What: Shares of PDL BioPharma (PDLI), a biotech company that focuses on purchasing and developing royalty-based patented assets, sank as much as 13% after the company outlined its new dividend policy.
So what: According to PDL BioPharma's press release after the closing bell on Monday, the company will pay a dividend of just $0.05 per share to shareholders on March 11 -- that's down 67% from the $0.15 paid in previous quarters. Furthermore, the company noted in its release that it was shifting to a quarterly assessment of dividends in order to retain much of its current cash position to make earnings-accretive deals over the near- and long-term.
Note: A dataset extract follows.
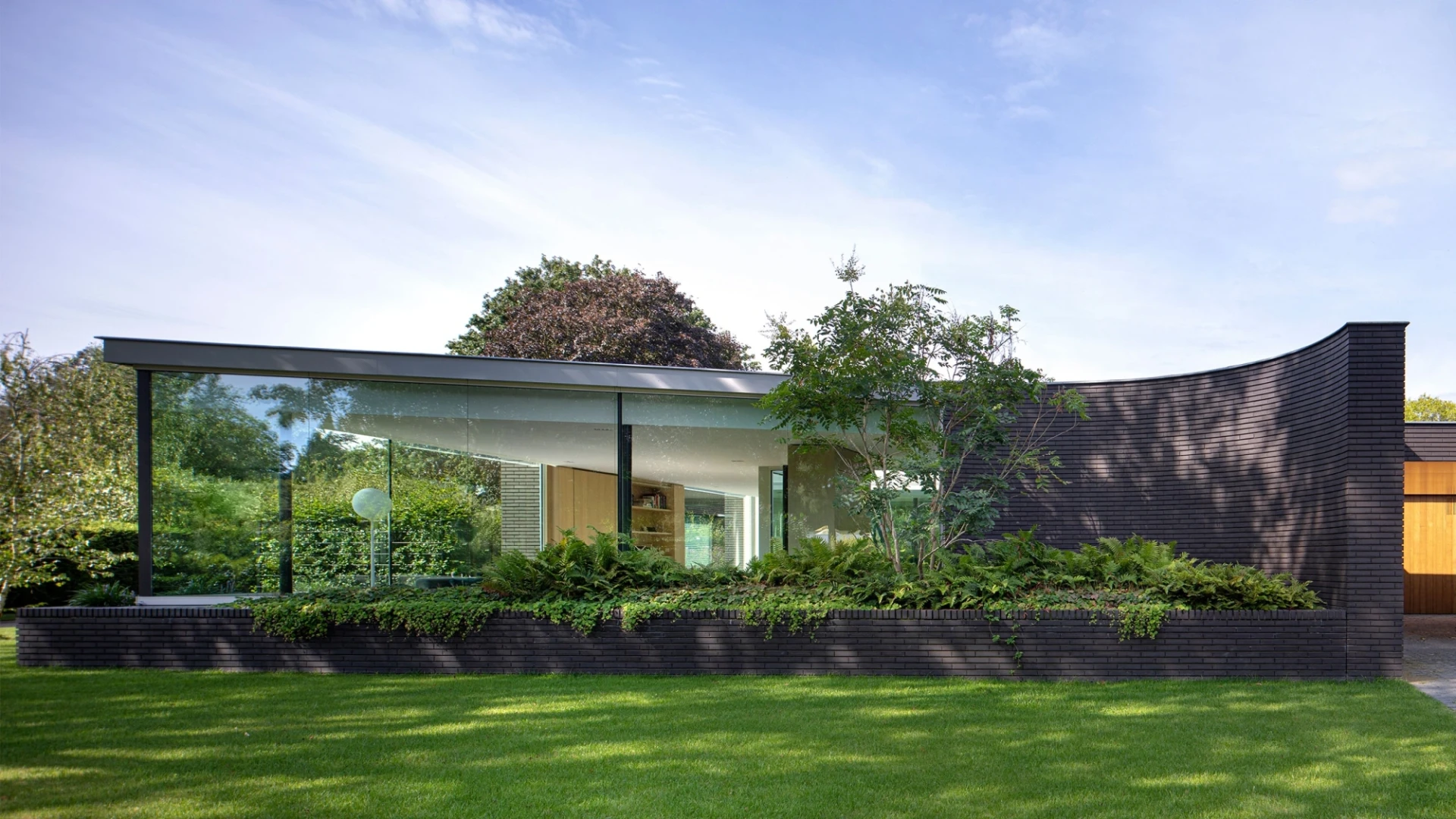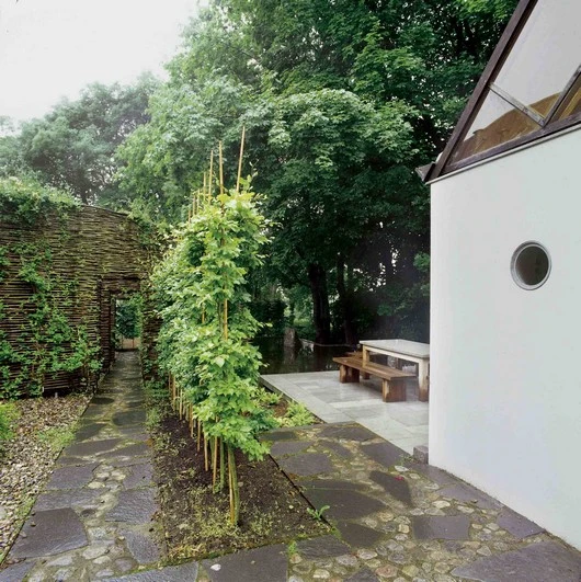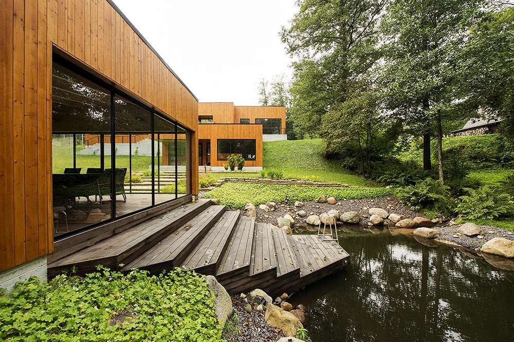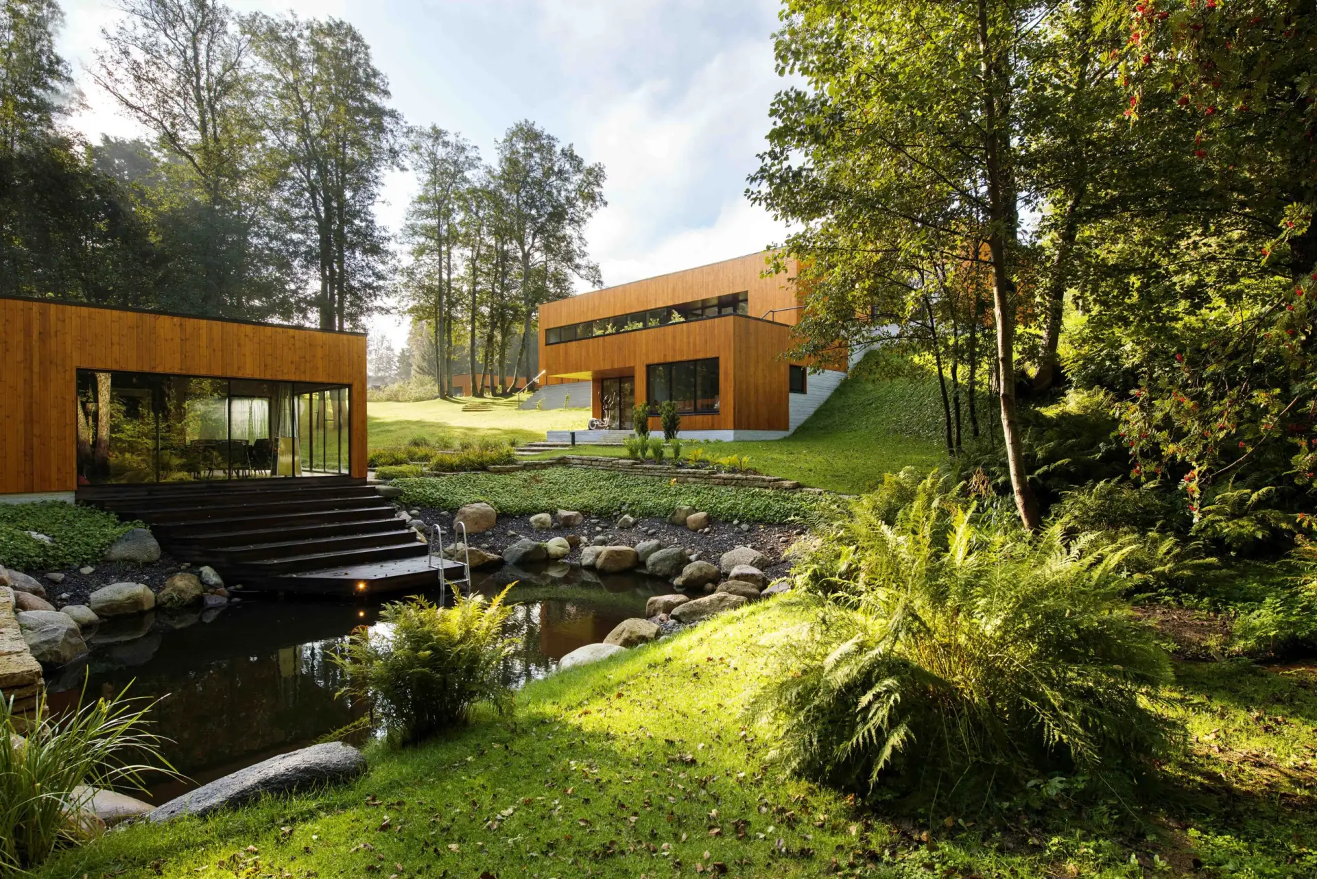 Прямоугольный дом стоит на склоне, его короткие стороны обращены к дороге и ручью, а длинные — перпендикулярны склону, благодаря чему образуются две просторные садовые зоны.

The company ended the fiscal year with approximately $219 million in cash and cash equivalents.
Why is the company making this move? The big issue is the expiration of its Queen patents, which account for around 85% of PDL BioPharma's total revenue. These patents expired in Dec. 2014, and the revenue being generated from them will dry up rapidly as the last of the orders containing its patents are sold in the first half of 2016. PDL may only be marginally profitable by 2017 after turning in $1.86 in EPS in 2014.
Now what: The caution flag on PDL BioPharma has been waving for some time, but the red flag is officially up now. Without PDL BioPharma's lucrative dividend, the stock just isn't very attractive. It's on pace to lose around 85% of its sales in a two-year span, and it could struggle to generate significant income if it can't work out new royalty deals.
To add to that, royalty companies can also dilute existing shareholders by raising cash vis-a-vis common stock sales for acquisitions. PDL has not hinted at doing anything like that, but I wouldn't discount the possibility that it could happen.
It's always possible PDL BioPharma could make an earnings-accretive transaction or two and be right back into the swing of things, but I'd highly encourage investors to steer clear of this investment until we have more long-term clarity.